In the 1970s and 1980s hoedad planting became a way for independent nonconformists to earn money by working hard. Planting season down South occurs during the Winter when rain, cool weather and moist ground conditions increase tree survivability rates. Southern planting is high production planting on ground too rough and ornery to plant by machine. After paying your dues and learning the how-tos of the trade, there was good money if you had a strong back and the drive to work long and hard. Hundred-dollar-days morphed into two-hundred-dollar days and tree planting became a good way to earn big bucks and then sink them into the voracious appetite of a Maine farm getting going.
Most crews of Southern treeplanters were young men and many came down from the North. Forty years ago, in his bachelor days, Jim left the farm and planted for three Winters from November until April. During those three Winters he planted over one million trees in ten southern States from Texas to Florida to Delaware.
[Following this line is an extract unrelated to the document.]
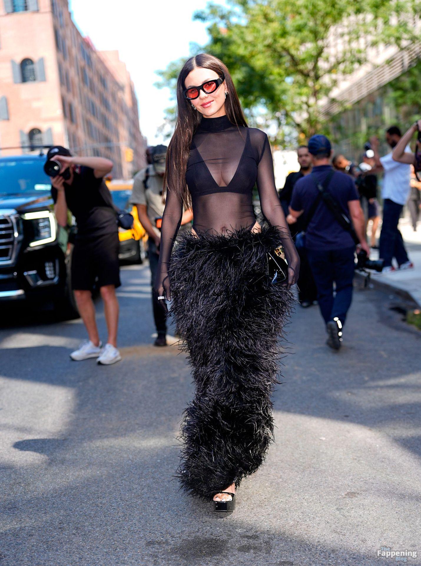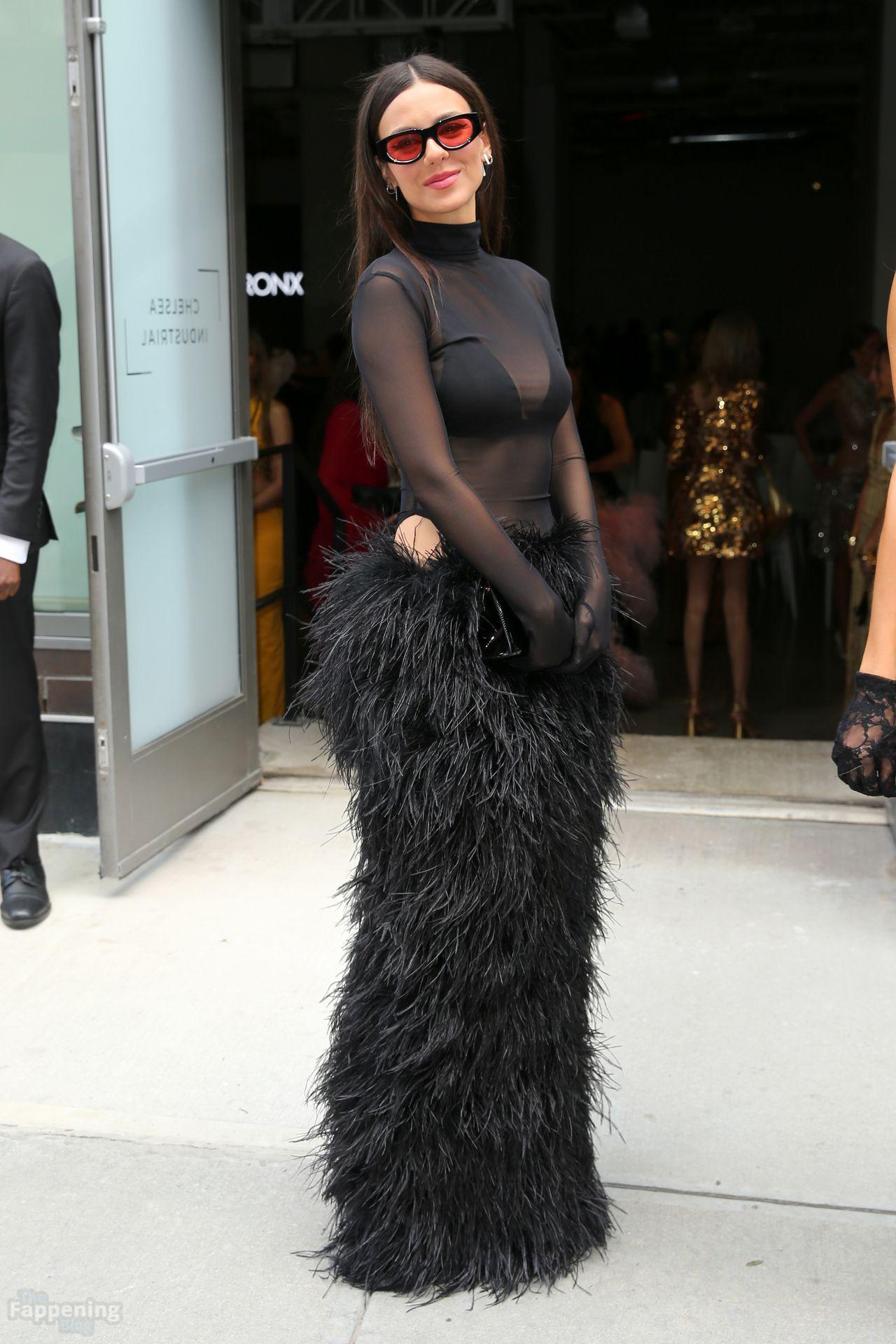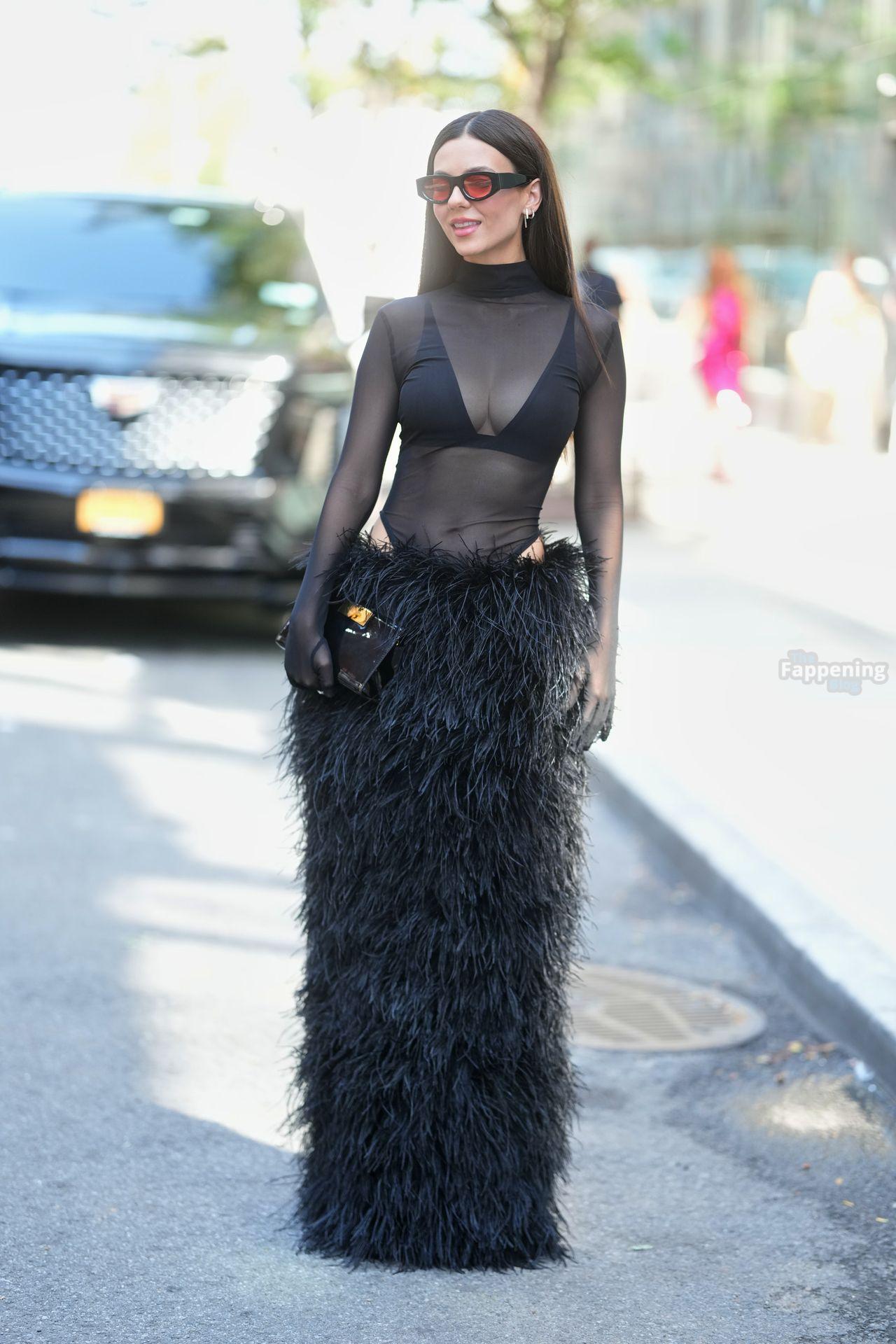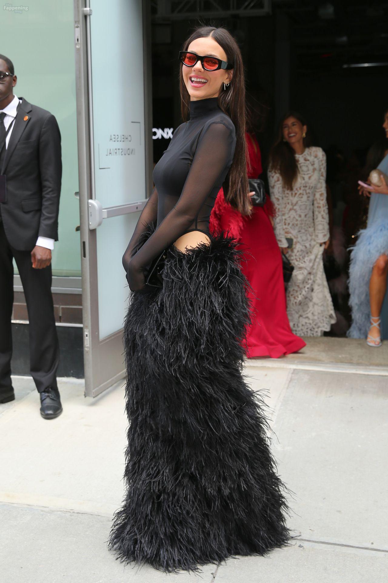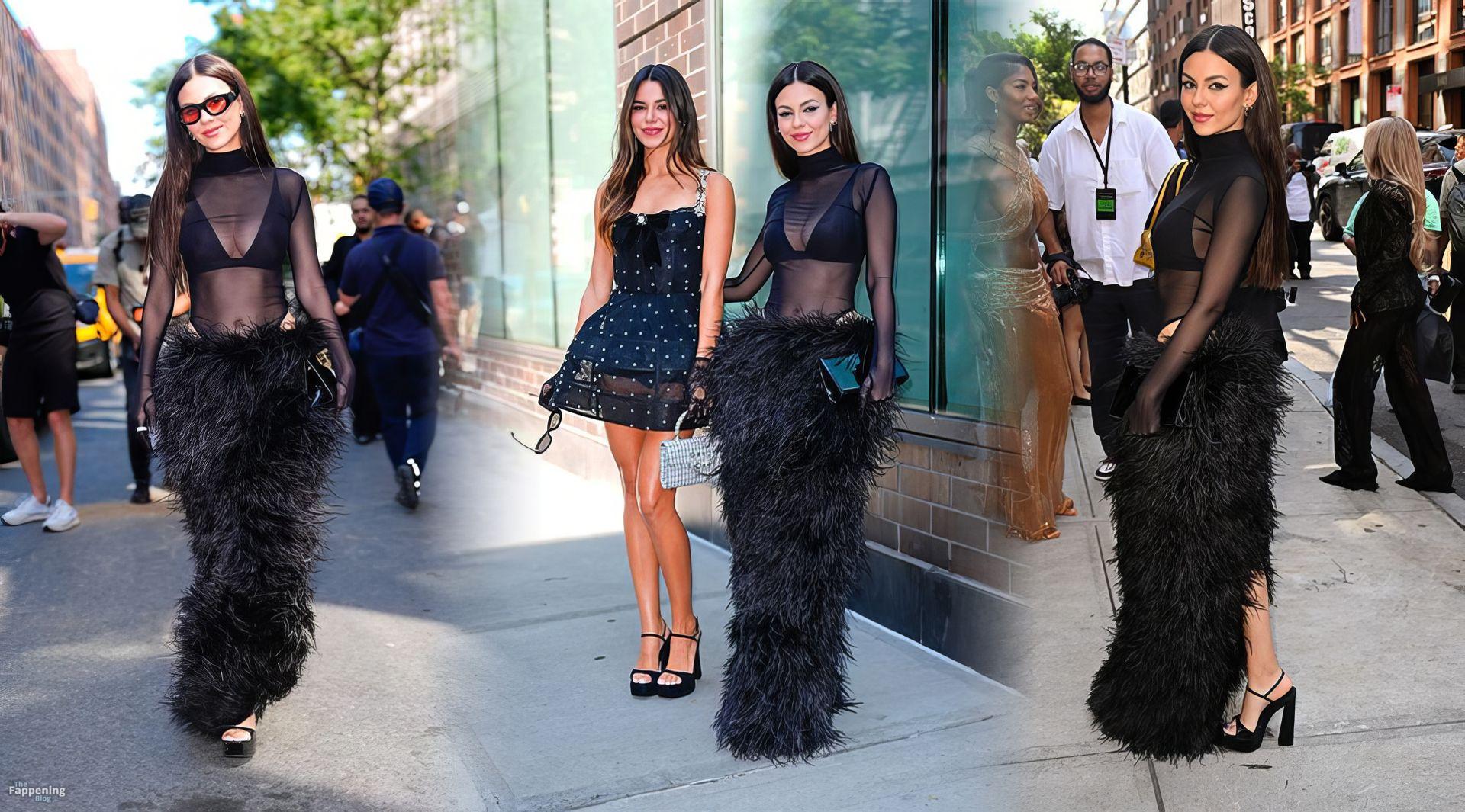 Victoria Justice was at Bronx and Banco’s NYFW show, rockin’ a sheer black mesh top, black bra, and a furry black maxi skirt. She topped off the bold high-fashion look with sunglasses and a black purse, spotted outside the show durin’ New York Fashion Week.

Southern tree planters lived in rigs such as hollowed-out Ford and Chevy vans parked right on the very clearcuts they were planting. They were compensated for their repetitive stoop labor with piece-rate pay. Forty years ago tree planting reflected a raw, unbridled capitalist system. Hardcore planters worked every daylight hour. Pay week ran from Sunday through Saturday and by Wednesday morning they would have the week’s first forty hours under their belts.
In those laissez-faire days every week or two they’d relocate to working/living on a new clearcut which needed planting. Hitting the road and moving sites provided the opportunity to descend upon a town and restock their camper vans with nonperishables, canned food and Gerry cans full of water. That way they could lay in for the next siege.
The Great Freeze of ’83 hit hard and fast. Treeplanting across the South screeched to a halt. Our one company had twenty crews of 15-20 treeplanters spread across the South. In the fullness of time, ten days later after our jail birds had returned, we learned local icy roads had been treacherous and impassable. With cars lacking snow tires and trucks devoid of snowplows, officials had elected to place barricades across roads to ‘encourage’ would-be-rubber-neckers to stay home until the sunshine could melt away the mayhem.
Before leaving Maine, Jim had installed a compact icehouse woodstove in his van. Everyday, he would emerge from the toasty van and spend an hour with a hand saw cutting up short chucks of hardwood logging slash, collecting them into his treeplanting bag. Once thawed and dried out inside the van, the limitless firewood provided fine fuel for warmth from the stubborn icy cold North wind.
Earlier that season at a second-hand-store, Jim had scored for twenty-five cents a hardcover copy of the classic livestock farmer’s bible, ‘Morrison’s Feeds and Feeding’ which details every aspect of the myriad of types of livestock farming. During that forced downtime he read that book word-for-word cover to cover.
Reading ‘Feeds and Feeding’ was staycation fun, and Mr. Morrison’s mother should be proud.